If there is now enough perspective to examine and draw conclusions, however preliminary, from this event, what might those be? Korablyova argued that for post-Soviet Ukraine, Euromaidan was a key moment in defining the new national project of the country, establishing a vision for Ukraine that its citizens have taken ownership of, even as conflict continues in the East. As one of the biggest states belonging to the Soviet Union, Ukraine’s identity over the past 24 years was largely shaped by a government that changed in name but not in those who held positions of power; crony capitalism and a Soviet inertia were several of the defining characteristics of the pre-Maidan nation that Korablyova cited in her talk. Yet the future that this movement seeks is not just about joining the EU. Korablyova called Euromaidan “a rebellion against the discrepancies of the world of late capitalism,” yet it is not a socialist revolution either. “Instead, it goes to the origins of modern Europe, marking a distinction between its ideas and basic values and its current implementation, between liberalism as a doctrine and neoliberalism as the process of marketization.”
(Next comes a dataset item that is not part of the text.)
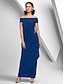 Linjeform Knelengde Festkjole Cocktail Kjole Bodycon kjole 3/4 ermer Løse skuldre Elegant Bryllupsgjest Sateng Kjole til brudens mor med Ruchiing

A year after these historic events, Ukraine’s national project may have been defined by these protestors, but how close, if at all, is Ukraine to achieving this vision? "I think that all the attempts of these Maidans, by these events, we declared our will to choose the European path, because it was European in its slogans, its ideas, and its essence…right now we are struggling for it,” Korablyova says. The pessimists, she says, fear the country will collapse economically and that the current government is unprepared to help the nation weather this and potential further warfare in the east. Optimists, however, believe that if Ukraine can build a prosperous European country in whatever boundaries it has, sooner or later, other countries will seek to have that same prosperity. In the long run, however, Korablyova emphasizes that the ultimate goal is not only to join the European Union—although it is regarded as a desired step towards a prosperous Ukrainian future—but “to live in Ukraine itself, which is to be a European country, grounded on European values, European practices.”